YOUR INSTRUCTIONS ->
Leave the pictures out and quote every line from the start of the listing to the line with "メリノウールにシルクも織りま", inclusive.

DATASET EXCERPT ->

•••

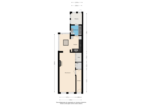 - 46 m² (9,60 meter diep en 4,78 meter breed)
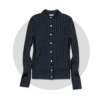 メリノウールにシルクも織りまぜた、肌ストレスを感じさせないなめらかな風合い。太めのリブにフロントボタンもあしらい、ミニマルな形ながらもの足りなさはなし。
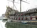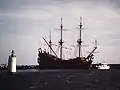 The Neptune is a ship replica of a 17th-century Spanish galleon designed by Naval Architect David Cannell of www.dmcmarine.com. The ship was built in 1985 for Roman Polanski's film Pirates, where she portrayed the Spanish ship of the same name. An accurate replica above the waterline, but sporting a partly steel hull, planked in timber and two main engines with Schottel drive, the Neptune is currently a tourist attraction in the port of Genoa, where its interior can be visited for a 9 euro entry fee.[1] In 2011, she portrayed the Jolly Roger, the ship of Captain Hook, in the TV miniseries Neverland.[2]

•••

TASK RESULT ->
 - 46 m² (9,60 meter diep en 4,78 meter breed)
 メリノウールにシルクも織りまぜた、肌ストレスを感じさせないなめらかな風合い。太めのリブにフロントボタンもあしらい、ミニマルな形ながらもの足りなさはなし。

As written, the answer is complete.